For some design fail.... It tracked like crap behind a machine!


----------



## protectionisamust

Appreciate it guys. I just found this video and think it might work great even though it's wood being up off the ground a bit

I have most everything already to that helps too.

Edit: I can't figure out how to post the YouTube video off my phone!


----------



## fishingninja1

For our shanty, we took two cheap plastic snowboards and too the feet straps off. Then we screwed them onto the shanty. That way you can pull them on pull it on concrete/asphalt and it doesnt ruin the shanty. Going strong after 3 years of wear and tear.


----------



## Ice Scratcher

Here are two versions.. Both using steel angle..
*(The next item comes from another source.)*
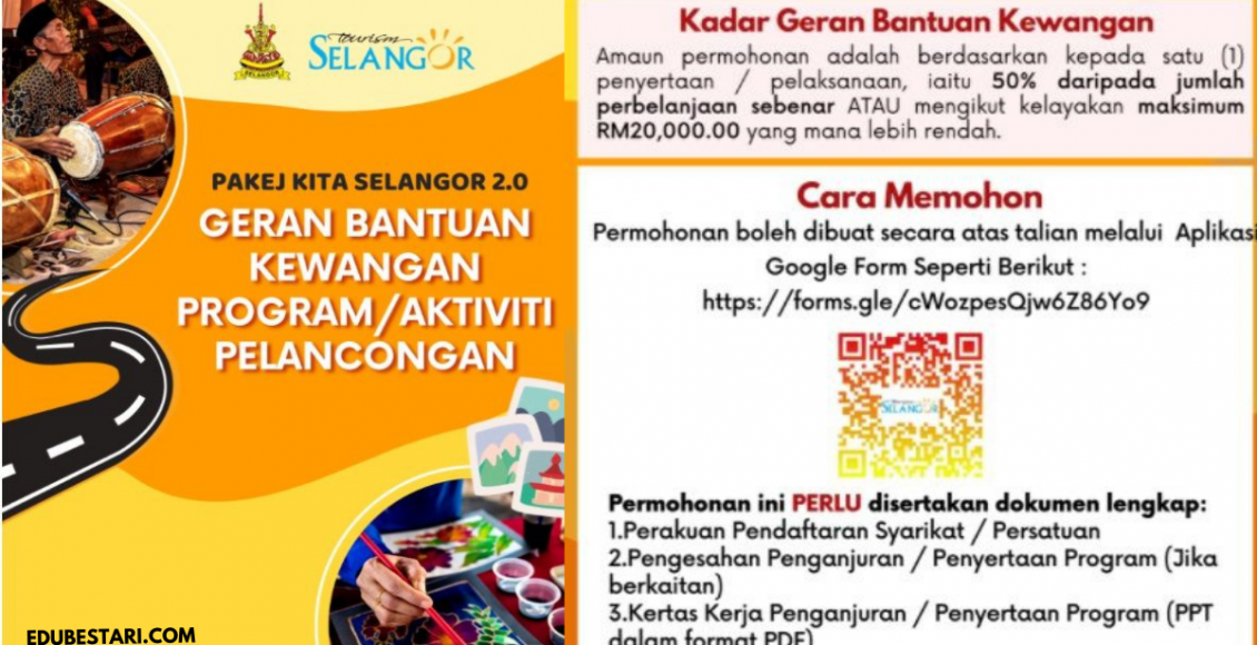 Antara insentif yang disebutkan adalah Geran Bantuan Kewangan Program/ Aktiviti Pelancongan Negeri Selangor dengan peruntukan RM1 juta.

http://www.iceshanty.com/ice_fishing/index.php?topic=307619.msg3216903#msg3216903

Maybe give you some ideas... Good luck!

<°)))>{


----------



## greelhappy

Ice Scratcher said:


> Here are two versions.. Both using steel angle..
> 
> http://www.iceshanty.com/ice_fishing/index.php?topic=307619.msg3216903#msg3216903
> 
> Maybe give you some ideas... Good luck!
> 
> <°)))>{


I have about the same set up as shown on the vid. But the bed of my truck is shorter so I cannot have the overhang on the skis. I also found that with the shanty seats still in place I could not cover bed with my soft top cover because the seat exceeded the cover height. Solution, remove seat backs. Got tired of doing that so I removed the seats completely and will be using a fold up chair inside shanty. Makes shanty about 35 lbs lighter, which is a plus for pulling. We shall see how that works if we ever get any ice.


----------



## protectionisamust

Well, just completed my sunday project. Just need to add a pull rope and she's good to go!! Completely able to bust it down for easy travel and storage. The cross member 2x4's I recessed steel washers and a magnet to help "hold them together" while cross cutting the 2x10 and 2x4 to fit together. 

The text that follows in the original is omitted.